What is Recency Bias and Why is it Bad For Retrospectives?




If you’re on an agile software development team, you should be having regular retrospectives. Having retrospectives is like eating your veggies for your scrum team; without them you can’t grow big and strong.

So we are going to assume that you do participate in retrospective meetings. Almost everyone I know who does is constantly complaining about the same recurring problem. They sit down in the retro meeting, go to write out their sticky notes or retro items to talk about, and cant. Think. Of. Anything.

The timer is ticking away, and nothing is coming to mind. Your mind might start to wander. Well, we had stand-up earlier today, what did people talk about then? AH! Suddenly three things come to mind and you jot them down. By the end of your retro writing period, you’ve got almost no retro topics to talk about and almost all of them happened in the last few days. Everyone on the team shares their items and the same thing happened, everyone is talking about things that already occurred in the past, but next to nothing comes up from the beginning of the sprint.


Questions pop up:

“What did we DO in the beginning of the sprint?

What went wrong in the first few days?

What did we absolutely NEED to talk about that I can’t remember at all?

How is this even possible, I remember we had a prod incident and it was a terrible experience, I just can’t remember what it was.”

This is a prime example of recency bias AND why it is an absolute killer for productive retrospectives.



Wild.

What this means is that for everything in life, given two events that happen of equal importance, we will over weight the impact of the event that happened closer to today, and discount the importance of the event that happened farther in the past.

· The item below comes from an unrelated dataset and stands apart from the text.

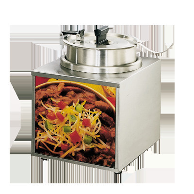 Lighted Food Warmer, countertop, electric, 3-1/2 quart capacity, hinged lid with 1 oz. ladle, serve from #10 can or optional stainless bowl, includes merchandising signs for Chili, Chili Sauce, Cheese Sauce, Nacho, Fudge, BBQ and Soup, stainless steel, cULus, UL EPH Classified, Made in USA

EVEN THOUGH THEY WERE BOTH JUST AS IMPORTANT.

Why is this such a bad thing when thinking about retrospectives?


Well retrospectives are a tool for an agile engineering team to look back at a period of time (typically a 1-2 week long sprint), think about what went well, what didn’t go so well, and define action items for ways to improve team performance. HOWEVER a 2 week period is a long amount of time! And if you are only thinking about the events that happened 1-2 days before you’re retrospecting, you are totally missing out on a goldmine of learnings that could be uncovered from the first ¾ of your retrospective.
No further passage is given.